◆ Exercise aim:
Reproduce, exactly, the lines of the material below from the line containing "3LDK(55.32m²)└ LD10.5帖 K3.5帖 洋室6帖 洋室6帖 洋室6帖" through the line containing "王少鹏副经理(前排右一)向王乃学书记(前排中)一行介绍工程综合情况", with both end lines included and nothing else.

Data shown Block Start

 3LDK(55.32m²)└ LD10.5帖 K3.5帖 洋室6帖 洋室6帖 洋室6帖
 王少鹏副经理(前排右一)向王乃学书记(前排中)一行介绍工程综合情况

Data shown Block End
Data shown Block Start

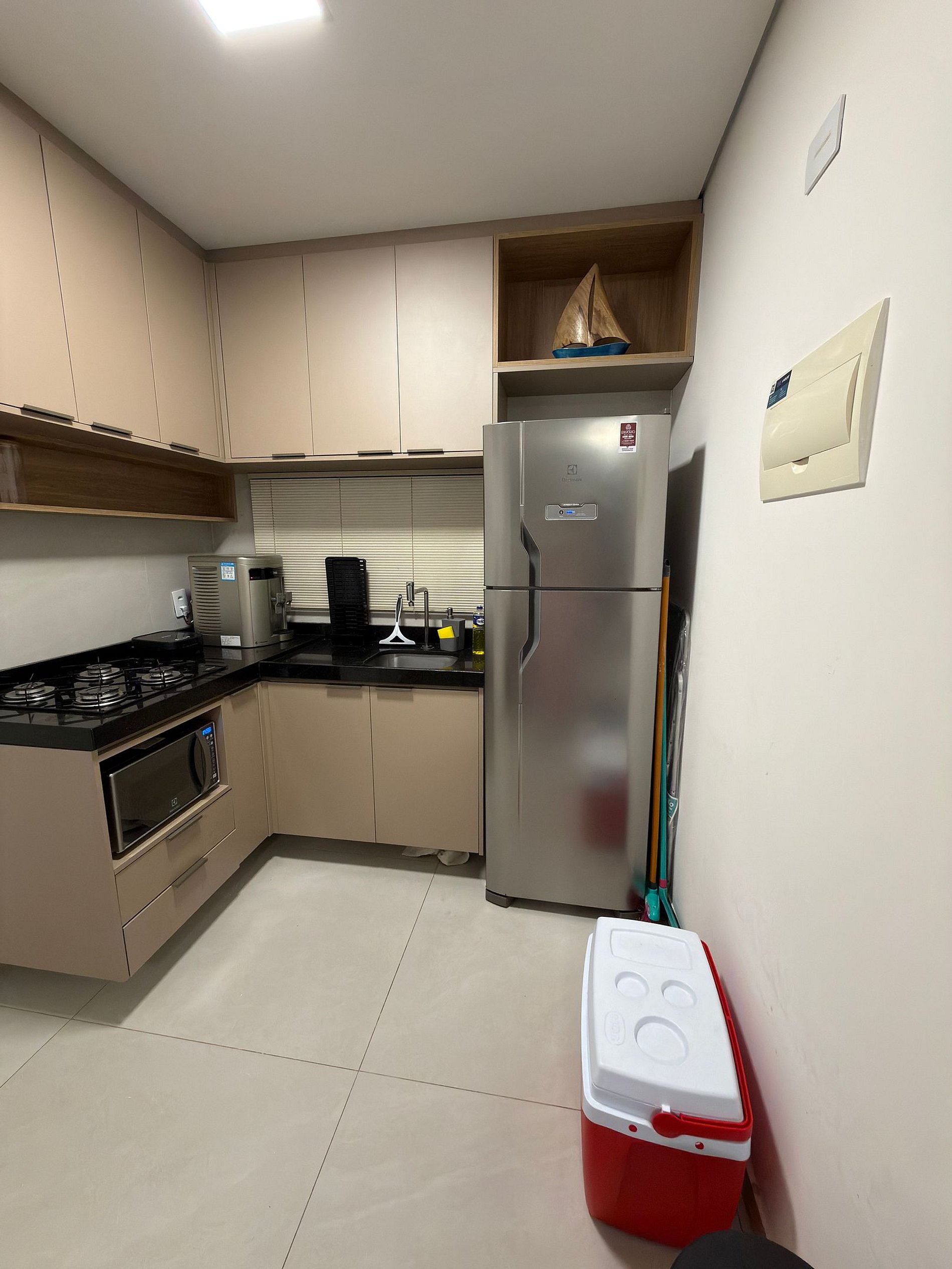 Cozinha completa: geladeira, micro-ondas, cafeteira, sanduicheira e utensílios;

Data shown Block End

◆ Task answer:
 3LDK(55.32m²)└ LD10.5帖 K3.5帖 洋室6帖 洋室6帖 洋室6帖
 王少鹏副经理(前排右一)向王乃学书记(前排中)一行介绍工程综合情况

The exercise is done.